The government recently announced that SRE would be taught in all secondary schools and PSHE would be taught in all primary schools and this is something Rachel welcomes. “There was some reaction to the announcement but we are not talking about teaching a four year old how to have sex, but we do want to see them taught about a safe and healthy relationship. The earlier they can recognise if something is amiss at home, the better.”

Rachel also wants to see secondary school children hear from a survivor’s perspective and has been doing some work along these lines. “You sit a group of teenagers in front of a teacher to talk about sex and they take the mickey and mess about. I went into a school and spoke from my perspective and you could hear a pin drop. I told the girls who thought it was cool to have a 19-year-old boyfriend – no it’s not, he’s a paedophile.”

Another member of the steering group Jessica carried out some work with some foster carers in Rotherham. She asked the foster carers to draw a picture of a parent of a child who had been sexually exploited and a child who had been sexually exploited. The foster carers drew the parent in a dirty house with cans all around the house and needles hanging out of the parents’ arms. The children were walking round in bra tops and short skirts. “That child is me,” said Jessica.

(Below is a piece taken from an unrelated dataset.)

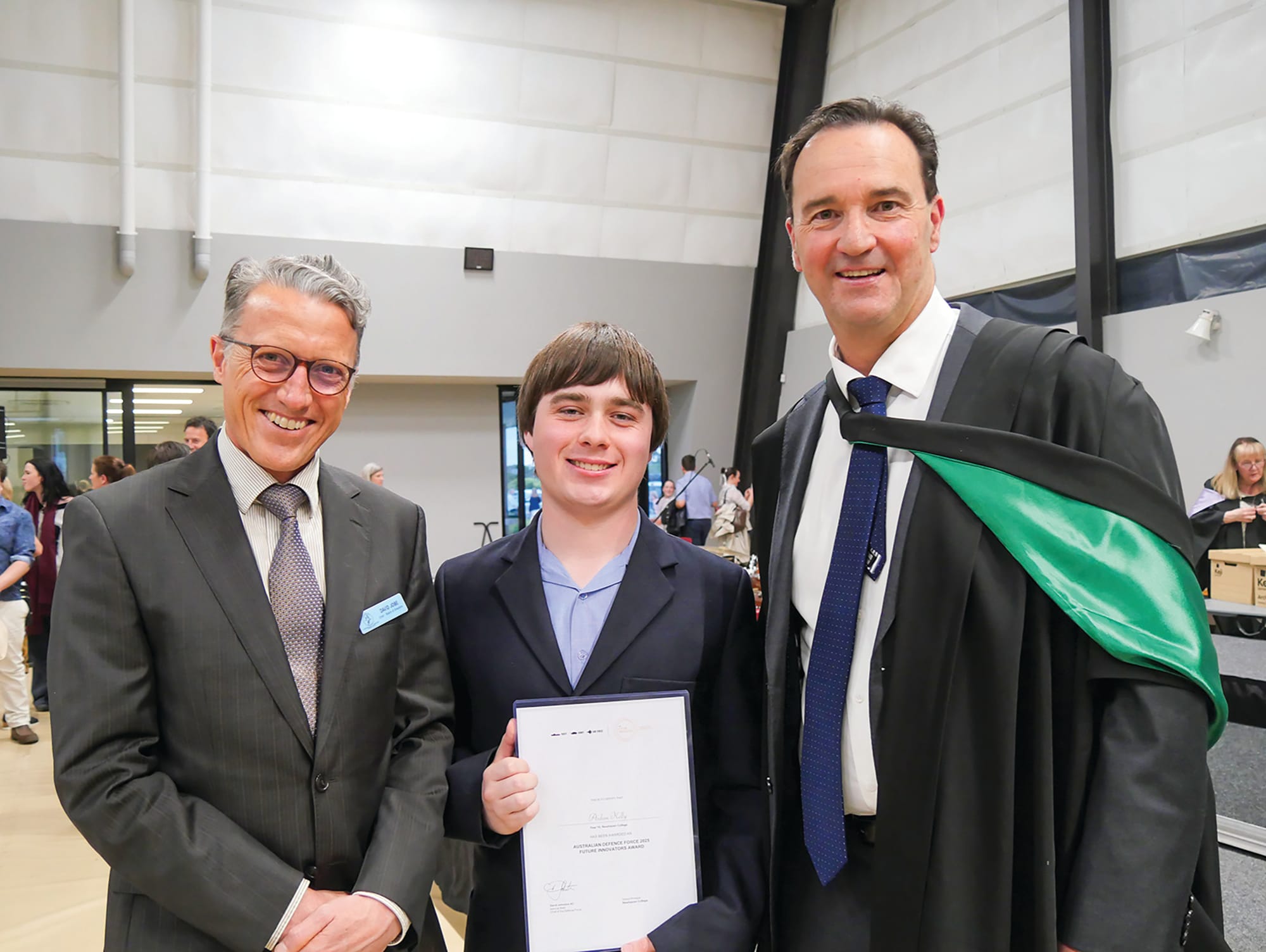 Newhaven College Year 10 student, Aidan Kelly, awarded the ADF Future Innovators Award and Dux of Year 10, with Chair of the Board David Jobe and Principal Tony Corr.

‘I tried to kill myself so my children didn’t have to experience it anymore’

As well as public speaking, the steering group have been working with authorities in Rotherham so that every taxi has to have CCTV and audio in order to get a license in Rotherham in a bid to improve safety for young people. This is something the steering group would like to see mandatory across the UK.

They also want to see the government cuts to funding for police and social services stopped immediately because as Rachel explains “the only people who will be at a disadvantage because of the cuts are the children who are victims of these crimes”.

Rachel also wants to see better multi-agency working and improved attitudes from services. “I was angry and I was a bitch – that is one thing I always say to services, treat victim as victims, look at why these kids are angry.”

“But services weren’t there for me then, police only referred it to social services once. Maybe if they had come out sooner, the abuse wouldn’t have gone on as long,” she says.

“I failed my children massively. That is why I tried killing myself with overdoses, hanging myself, jumping in front of vehicles – I thought if I wasn’t here my children wouldn’t have to see it all. My ex knew that, after he had attacked me he took my phone off me so I couldn’t call an ambulance and said ‘Die you bitch’,” says Rachel.

She concludes: “I always say to social workers keep going, build a relationship with that victim, if they are angry or quiet, keep going as they are like that for a reason. Treat them as a victim, not a criminal. Just imagine it’s your child.”